> _BRIEF_: Print all the data that follows exactly, images excluded.

> _DATASET_:
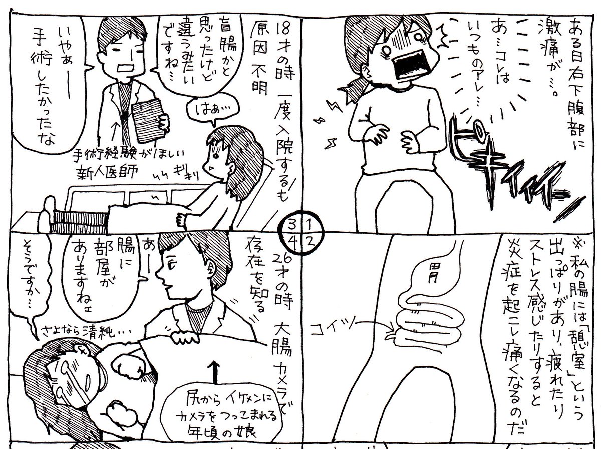 大腸憩室炎で3日間断食した話⑤ 寝てるだけなら平気、押したり歩いたりすると痛い。(これでも軽い方)内蔵の痛みって怖いです。 寝たきりだったときアナログで描いたレポ漫画。 10まで毎日21時更新。 #漫画が読めるハッシュタグ #コルクラボマンガ専科 #アスの毎日絵日記 #大腸憩室炎
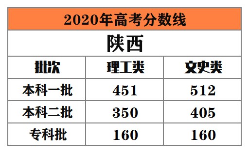 陜西 本科一批:理工類451分,文史類512分;本科二批:理工類350分,文史類405分。
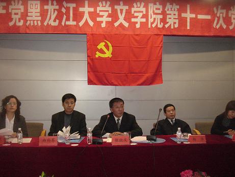 中国共产党黑地龙江大学文学院第十一次党员大会,于2007年12月26日下午在外事处多功能厅胜利召开。会议在热烈而严肃的气氛中进行,黑龙江大学党委副书记、校长张政文同志,校党委组织部部长曲科军同志及全院107名党员参加大会。
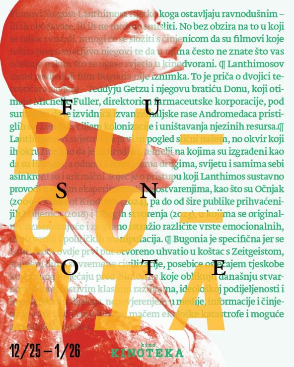 Lanthimosov zasad posljednji film Bugonia nije iznimka. To je priča o dvojici teoretičara zavjere – Teddyju Getzu i njegovu bratiću Donu, koji otimaju Michelle Fuller, direktoricu farmaceutske korporacije, pod sumnjom da je izvidnica izvanzemaljske rase Andromedaca pristiglih na Zemlju s ciljem kolonizacije i uništavanja njezinih resursa.
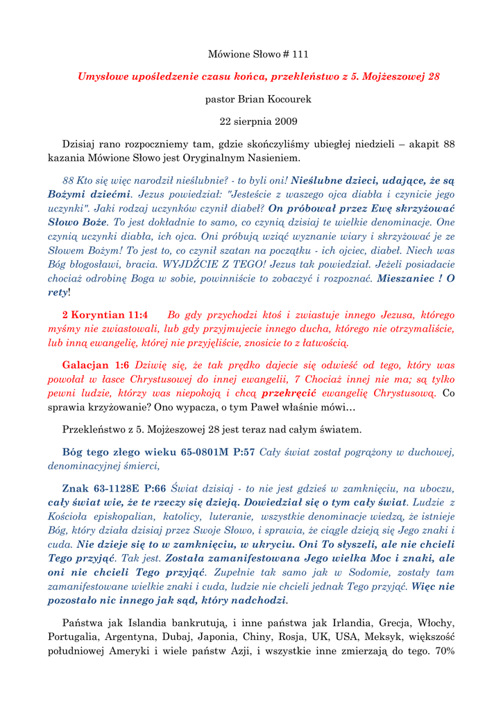 Mówione Słowo # 111 Umysłowe upośledzenie czasu końca, przekleństwo z 5. Mojżeszowej 28 pastor Brian Kocourek 22 sierpnia 2009 Dzisiaj rano rozpoczniemy tam, gdzie skończyliśmy ubiegłej niedzieli – akapit 88 kazania Mówione Słowo jest Oryginalnym Nasieniem. 88 Kto się więc narodził nieślubnie? - to byli oni! Nieślubne dzieci, udające, że są Bożymi dziećmi. Jezus powiedział: "Jesteście z waszego ojca diabła i czynicie jego uczynki". Jaki rodzaj uczynków czynił diabeł? On próbował przez Ewę skrzyżować Słowo Boże. To jest dokładnie to samo, co czynią dzisiaj te wielkie denominacje. One czynią uczynki diabła, ich ojca. Oni próbują wziąć wyznanie wiary i skrzyżować je ze Słowem Bożym! To jest to, co czynił szatan na początku - ich ojciec, diabeł. Niech was Bóg błogosławi, bracia. WYJDŹCIE Z TEGO! Jezus tak powiedział. Jeżeli posiadacie chociaż odrobinę Boga w sobie, powinniście to zobaczyć i rozpoznać. Mieszaniec ! O rety! 2 Koryntian 11:4 Bo gdy przychodzi ktoś i zwiastuje innego Jezusa, którego myśmy nie zwiastowali, lub gdy przyjmujecie innego ducha, którego nie otrzymaliście, lub inną ewangelię, której nie przyjęliście, znosicie to z łatwością. Galacjan 1:6 Dziwię się, że tak prędko dajecie się odwieść od tego, który was powołał w łasce Chrystusowej do innej ewangelii, 7 Chociaż innej nie ma; są tylko pewni ludzie, którzy was niepokoją i chcą przekręcić ewangelię Chrystusową. Co sprawia krzyżowanie? Ono wypacza, o tym Paweł właśnie mówi… Przekleństwo z 5. Mojżeszowej 28 jest teraz nad całym światem. Bóg tego złego wieku 65-0801M P:57 Cały świat został pogrążony w duchowej, denominacyjnej śmierci, Znak 63-1128E P:66 Świat dzisiaj - to nie jest gdzieś w zamknięciu, na uboczu, cały świat wie, że te rzeczy się dzieją. Dowiedział się o tym cały świat. Ludzie z Kościoła episkopalian, katolicy, luteranie, wszystkie denominacje wiedzą, że istnieje Bóg, który działa dzisiaj przez Swoje Słowo, i sprawia, że ciągle dzieją się Jego znaki i cuda. Nie dzieje się to w zamknięciu, w ukryciu. Oni To słyszeli, ale nie chcieli Tego przyjąć. Tak jest. Została zamanifestowana Jego wielka Moc i znaki, ale oni nie chcieli Tego przyjąć. Zupełnie tak samo jak w Sodomie, zostały tam zamanifestowane wielkie znaki i cuda, ludzie nie chcieli jednak Tego przyjąć. Więc nie pozostało nic innego jak sąd, który nadchodzi. Państwa jak Islandia bankrutują, i inne państwa jak Irlandia, Grecja, Włochy, Portugalia, Argentyna, Dubaj, Japonia, Chiny, Rosja, UK, USA, Meksyk, większość południowej Ameryki i wiele państw Azji, i wszystkie inne zmierzają do tego. 70% walut, które są wykorzystywane na świecie, to amerykański dolar, a on nie będzie niczego warty, już za niedługo. Obecnie ma wartość 4% z tego, co był wart w 1933 r. A w krótkim czasie utraci dalszych 90% wartości. A kiedy to się stanie, cały świat zbankrutuje, nie mogąc zapłacić za to, co dłuży? A dlaczego tak jest? Oni wszyscy odrzucili Boży Głos. 5 Mojżeszowa 28:12 Otworzy Pan przed tobą swój skarbiec dobra, niebiosa, aby dawać deszcz na twoją ziemię w czasie właściwym i aby błogosławić wszelką pracę twoich rąk tak, że będziesz mógł pożyczać wielu narodom, ale ty sam nie będziesz pożyczał. NIV 12 PAN otworzy niebiosa, magazyn jego hojności, pośle deszcz na twój kraj i pobłogosławi pracę twoich rąk. I będziesz pożyczał wielu narodom, ale sam nie będziesz pożyczał od nikogo. Poselstwo 12 Bóg otworzy drzwi sklepienia niebieskiego i ześle deszcz na twój kraj zgodnie z planem i pobłogosławi pracę, którą będziesz wykonywał. I będziesz pożyczał wielu narodom, a sam nie będziesz musiał mieć długu. Bóg uczyni cię głową, nie ogonem; zawsze będziesz zwycięzcą, nigdy porażonym, kiedy będziesz posłusznie słuchać i pilnie dotrzymywać przykazań Boga, twego Boga, które przykazuję wam dzisiaj. Nie zbaczaj ani cala na prawo albo na lewo od słów, które wam nakazuję dzisiaj przez odchodzenie i czczenie innych bogów. 5 Mojżeszowa 15:6 Gdyż Pan, Bóg twój, błogosławić ci będzie, jak ci obiecał, abyś wielu ludom pożyczał w zastaw, ale ty sam nie będziesz się zapożyczał i dawał zastawu. Będziesz panował nad wielu ludami, ale one nie będą nad tobą panować, NIV 6 Bo Pan, twój Bóg będzie błogosławić cię, jak obiecał, i będziesz pożyczał wielu narodom, ale sam nie będziesz zapożyczał; i będziesz panować nad wieloma narodami, ale oni nie będą panować nad tobą. Poszerzona Biblia (AMP) 6 Bo Pan, twój Bóg błogosławi cię, jak ci obiecał; i ty będziesz pożyczał wielu narodom, lecz nie będziesz pożyczał od nikogo, i będziesz sprawował władzę nad wielu narodami, a nikt nie będzie władnął nad tobą. Poselstwo 4-6 Nie może być biednych wśród was, ponieważ Bóg będzie błogosławić was w kraju, który Bóg, wasz Bóg daje wam jako dziedzictwo, waszą własną ziemię. Lecz jeśli tylko będziecie słuchać Głosu Boga, waszego Boga, pilnie dotrzymując każdego przykazania, które dziś wam daję. O tak – Bóg, wasz Bóg będzie błogosławić was, tak jak przyobiecał. Będziecie pożyczać wielu narodom, ale nie będziecie wypożyczać od nikogo; będziecie panować nad wielu narodami, ale nikt nie będzie panował nad wami. Przypowieści Salomona 22:7 Bogacz panuje nad nędzarzem, lecz dłużnik jest sługą wierzyciela. NIV 7 Bogaty panuje nad biednym, ale dłużnik jest sługą wierzyciela. Poszerzona Biblia (AMP) 7 Bogacz panuje nad nędzarzem, a dłużnik jest sługą wierzyciela. Poselstwo (MSG) 7 Bogacz panuje nad nędzarzem, więc nie zapożyczaj, żeby nie panowali nad tobą. 2 Piotra 2:19 Obiecując im wolność, chociaż sami są niewolnikami zguby; czemu bowiem ktoś ulega, tego niewolnikiem się staje. NIV 19 Obiecują wolność, kiedy sami są niewolnikami deprawac

> _RESPONSE TO THIS EXERCISE_:
 大腸憩室炎で3日間断食した話⑤ 寝てるだけなら平気、押したり歩いたりすると痛い。(これでも軽い方)内蔵の痛みって怖いです。 寝たきりだったときアナログで描いたレポ漫画。 10まで毎日21時更新。 #漫画が読めるハッシュタグ #コルクラボマンガ専科 #アスの毎日絵日記 #大腸憩室炎
 陜西 本科一批:理工類451分,文史類512分;本科二批:理工類350分,文史類405分。
 中国共产党黑地龙江大学文学院第十一次党员大会,于2007年12月26日下午在外事处多功能厅胜利召开。会议在热烈而严肃的气氛中进行,黑龙江大学党委副书记、校长张政文同志,校党委组织部部长曲科军同志及全院107名党员参加大会。
 Lanthimosov zasad posljednji film Bugonia nije iznimka. To je priča o dvojici teoretičara zavjere – Teddyju Getzu i njegovu bratiću Donu, koji otimaju Michelle Fuller, direktoricu farmaceutske korporacije, pod sumnjom da je izvidnica izvanzemaljske rase Andromedaca pristiglih na Zemlju s ciljem kolonizacije i uništavanja njezinih resursa.
 Mówione Słowo # 111 Umysłowe upośledzenie czasu końca, przekleństwo z 5. Mojżeszowej 28 pastor Brian Kocourek 22 sierpnia 2009 Dzisiaj rano rozpoczniemy tam, gdzie skończyliśmy ubiegłej niedzieli – akapit 88 kazania Mówione Słowo jest Oryginalnym Nasieniem. 88 Kto się więc narodził nieślubnie? - to byli oni! Nieślubne dzieci, udające, że są Bożymi dziećmi. Jezus powiedział: "Jesteście z waszego ojca diabła i czynicie jego uczynki". Jaki rodzaj uczynków czynił diabeł? On próbował przez Ewę skrzyżować Słowo Boże. To jest dokładnie to samo, co czynią dzisiaj te wielkie denominacje. One czynią uczynki diabła, ich ojca. Oni próbują wziąć wyznanie wiary i skrzyżować je ze Słowem Bożym! To jest to, co czynił szatan na początku - ich ojciec, diabeł. Niech was Bóg błogosławi, bracia. WYJDŹCIE Z TEGO! Jezus tak powiedział. Jeżeli posiadacie chociaż odrobinę Boga w sobie, powinniście to zobaczyć i rozpoznać. Mieszaniec ! O rety! 2 Koryntian 11:4 Bo gdy przychodzi ktoś i zwiastuje innego Jezusa, którego myśmy nie zwiastowali, lub gdy przyjmujecie innego ducha, którego nie otrzymaliście, lub inną ewangelię, której nie przyjęliście, znosicie to z łatwością. Galacjan 1:6 Dziwię się, że tak prędko dajecie się odwieść od tego, który was powołał w łasce Chrystusowej do innej ewangelii, 7 Chociaż innej nie ma; są tylko pewni ludzie, którzy was niepokoją i chcą przekręcić ewangelię Chrystusową. Co sprawia krzyżowanie? Ono wypacza, o tym Paweł właśnie mówi… Przekleństwo z 5. Mojżeszowej 28 jest teraz nad całym światem. Bóg tego złego wieku 65-0801M P:57 Cały świat został pogrążony w duchowej, denominacyjnej śmierci, Znak 63-1128E P:66 Świat dzisiaj - to nie jest gdzieś w zamknięciu, na uboczu, cały świat wie, że te rzeczy się dzieją. Dowiedział się o tym cały świat. Ludzie z Kościoła episkopalian, katolicy, luteranie, wszystkie denominacje wiedzą, że istnieje Bóg, który działa dzisiaj przez Swoje Słowo, i sprawia, że ciągle dzieją się Jego znaki i cuda. Nie dzieje się to w zamknięciu, w ukryciu. Oni To słyszeli, ale nie chcieli Tego przyjąć. Tak jest. Została zamanifestowana Jego wielka Moc i znaki, ale oni nie chcieli Tego przyjąć. Zupełnie tak samo jak w Sodomie, zostały tam zamanifestowane wielkie znaki i cuda, ludzie nie chcieli jednak Tego przyjąć. Więc nie pozostało nic innego jak sąd, który nadchodzi. Państwa jak Islandia bankrutują, i inne państwa jak Irlandia, Grecja, Włochy, Portugalia, Argentyna, Dubaj, Japonia, Chiny, Rosja, UK, USA, Meksyk, większość południowej Ameryki i wiele państw Azji, i wszystkie inne zmierzają do tego. 70% walut, które są wykorzystywane na świecie, to amerykański dolar, a on nie będzie niczego warty, już za niedługo. Obecnie ma wartość 4% z tego, co był wart w 1933 r. A w krótkim czasie utraci dalszych 90% wartości. A kiedy to się stanie, cały świat zbankrutuje, nie mogąc zapłacić za to, co dłuży? A dlaczego tak jest? Oni wszyscy odrzucili Boży Głos. 5 Mojżeszowa 28:12 Otworzy Pan przed tobą swój skarbiec dobra, niebiosa, aby dawać deszcz na twoją ziemię w czasie właściwym i aby błogosławić wszelką pracę twoich rąk tak, że będziesz mógł pożyczać wielu narodom, ale ty sam nie będziesz pożyczał. NIV 12 PAN otworzy niebiosa, magazyn jego hojności, pośle deszcz na twój kraj i pobłogosławi pracę twoich rąk. I będziesz pożyczał wielu narodom, ale sam nie będziesz pożyczał od nikogo. Poselstwo 12 Bóg otworzy drzwi sklepienia niebieskiego i ześle deszcz na twój kraj zgodnie z planem i pobłogosławi pracę, którą będziesz wykonywał. I będziesz pożyczał wielu narodom, a sam nie będziesz musiał mieć długu. Bóg uczyni cię głową, nie ogonem; zawsze będziesz zwycięzcą, nigdy porażonym, kiedy będziesz posłusznie słuchać i pilnie dotrzymywać przykazań Boga, twego Boga, które przykazuję wam dzisiaj. Nie zbaczaj ani cala na prawo albo na lewo od słów, które wam nakazuję dzisiaj przez odchodzenie i czczenie innych bogów. 5 Mojżeszowa 15:6 Gdyż Pan, Bóg twój, błogosławić ci będzie, jak ci obiecał, abyś wielu ludom pożyczał w zastaw, ale ty sam nie będziesz się zapożyczał i dawał zastawu. Będziesz panował nad wielu ludami, ale one nie będą nad tobą panować, NIV 6 Bo Pan, twój Bóg będzie błogosławić cię, jak obiecał, i będziesz pożyczał wielu narodom, ale sam nie będziesz zapożyczał; i będziesz panować nad wieloma narodami, ale oni nie będą panować nad tobą. Poszerzona Biblia (AMP) 6 Bo Pan, twój Bóg błogosławi cię, jak ci obiecał; i ty będziesz pożyczał wielu narodom, lecz nie będziesz pożyczał od nikogo, i będziesz sprawował władzę nad wielu narodami, a nikt nie będzie władnął nad tobą. Poselstwo 4-6 Nie może być biednych wśród was, ponieważ Bóg będzie błogosławić was w kraju, który Bóg, wasz Bóg daje wam jako dziedzictwo, waszą własną ziemię. Lecz jeśli tylko będziecie słuchać Głosu Boga, waszego Boga, pilnie dotrzymując każdego przykazania, które dziś wam daję. O tak – Bóg, wasz Bóg będzie błogosławić was, tak jak przyobiecał. Będziecie pożyczać wielu narodom, ale nie będziecie wypożyczać od nikogo; będziecie panować nad wielu narodami, ale nikt nie będzie panował nad wami. Przypowieści Salomona 22:7 Bogacz panuje nad nędzarzem, lecz dłużnik jest sługą wierzyciela. NIV 7 Bogaty panuje nad biednym, ale dłużnik jest sługą wierzyciela. Poszerzona Biblia (AMP) 7 Bogacz panuje nad nędzarzem, a dłużnik jest sługą wierzyciela. Poselstwo (MSG) 7 Bogacz panuje nad nędzarzem, więc nie zapożyczaj, żeby nie panowali nad tobą. 2 Piotra 2:19 Obiecując im wolność, chociaż sami są niewolnikami zguby; czemu bowiem ktoś ulega, tego niewolnikiem się staje. NIV 19 Obiecują wolność, kiedy sami są niewolnikami deprawac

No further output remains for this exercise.